# A Small Joke



## 100127 (Jul 20, 2006)

Once upon a time there lived a King.
The King had a beautiful daughter, the PRINCESS. But there was a problem. Everything the Princess touched melted!!

No matter what.... Metal, Wood, Stone, anything she touched would melt.

Because of this, men were afraid of her. Nobody would dare marry her.

The King despaired. What could he do to help his daughter?

He consulted his Wizards and Magicians. One Wizard told the King, 'If your daughter touches just one thing that does not melt in her hands, she will be cured.'

The King was overjoyed and came up with a plan, next day, he held a competition. Any man that could bring his daughter an object that would not melt would marry her and inherit the Kings wealth.


Three young Prince's took up the challenge.


The First brought a sword of the finest steel.


But alas, when the Princess touched it, it melted, and the Prince went away sadly.



The Second Prince brought Diamonds.


He thought, Diamonds are the toughest hardest substance in the world and would not melt. But alas, once the Princess touched them, they melted. He too was sent away disappointed.

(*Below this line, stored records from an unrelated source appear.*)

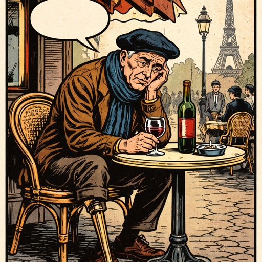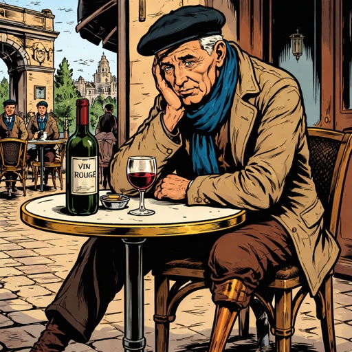 An old French man with a beret and a peg leg sits at a table in a café with a bottle of wine and a glass. He is very dep...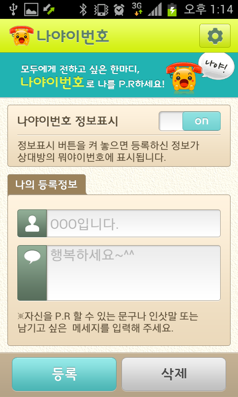 나야이번호에서 입력한 정보는 상대방의 뭐야이번호(Ver1.24이상)에 연동되어 표시됩니다.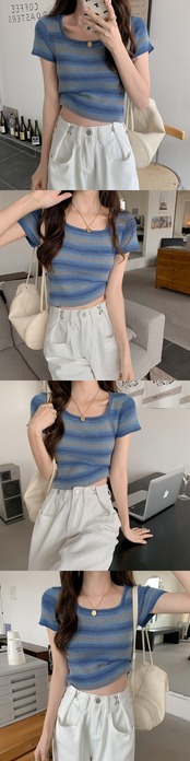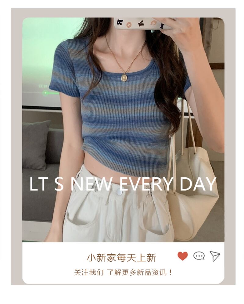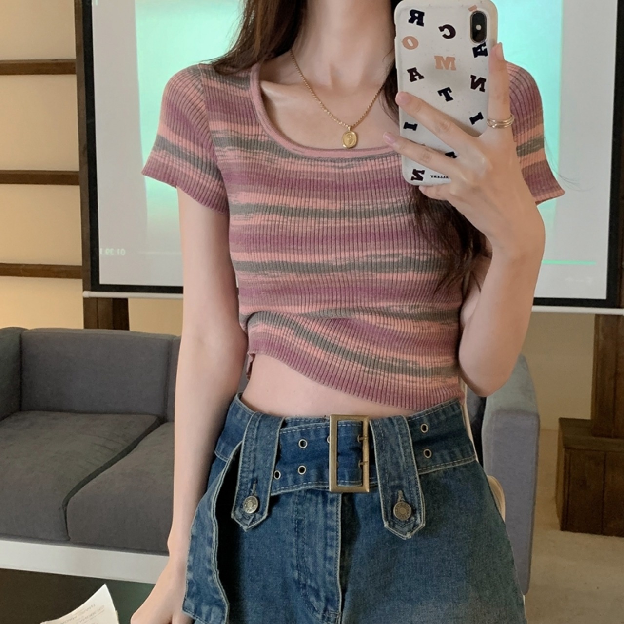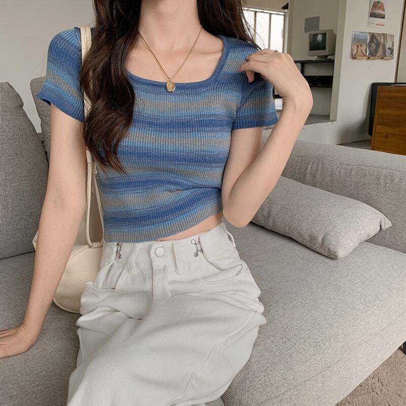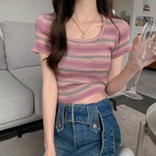ストライプニットショートNEW夏服スタンダードカラーTシャツトップス レトロ 夏物 スクウェア コーデ Marchs13126643267

The Third Prince approached. He told the Princess, 'Put your hand in my pocket and feel what is in there.'

The Princess did as she was told, though she turned very red.

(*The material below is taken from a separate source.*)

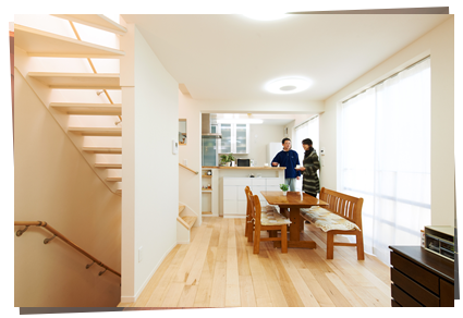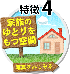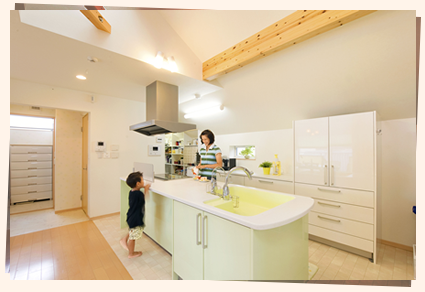 帰ってくると、優しく元気でにこやかなお母さんがいる、そんな家の中の太陽の様な存在の「お母さん」が、少しでも安らげる家、「お母さん」がゆとりを実感出来る家を是非提供したいのです。
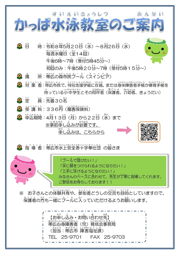 帯広市在住の心身に障害のある児童・生徒を対象とした水泳教室です。

She felt something hard. She held it in her hand. And it did not melt!!!

The King was overjoyed. Everybody in the Kingdom was overjoyed. And the Third Prince married the princess and they both lived Happily Ever After.


Question: What was in the Prince's Pocket??
(Scroll down for the answer)
>
>
>
>
>
>


M&M's of course.... They melt in your mouth, not in your hands!!

What were you thinking??


----------



## spykal (May 9, 2005)

Hi sysinfo

You are a little teaser you are .... 
.
.
.
.
.
.
.
a Malteaser.... 

in the UK they were the ones that melted in your mouth not your hand :roll:

but I licked the joke :wink:


----------



## 100127 (Jul 20, 2006)

Har Har :rightfighter5:


----------



## spykal (May 9, 2005)

Hi


I should have said that joke was a Treet.... 

the chocolates that melt in your mouth, not in your hand! 

(now called Minstrels)


Boom boom .......................... 

sorry I was having a Basil Brush moment just then :lol:


----------



## 100127 (Jul 20, 2006)

Now I AM getting worried :redhotevil: 

A little girl went into a pet shop and asked "Excuthe me, do you haf 
Any widdle wabbits?".








The shop keeper's heart melted. He got down on his knees so that he 
Was on her level and said "Do you want a widdle white wabbit or a 
Thoft, fuffy bwack wabbit? Or maybe one like that widdle bwown one 
Over there?".






The little girl blushed, rocked on her heels, put her hands on her 
Knees, leaned forward and whispered.......














"I don't wealy fink my pyfon gives a f**k".


----------



## spykal (May 9, 2005)

8O


----------



## 100127 (Jul 20, 2006)

spykal said:


> 8O


YOU 8O ?


----------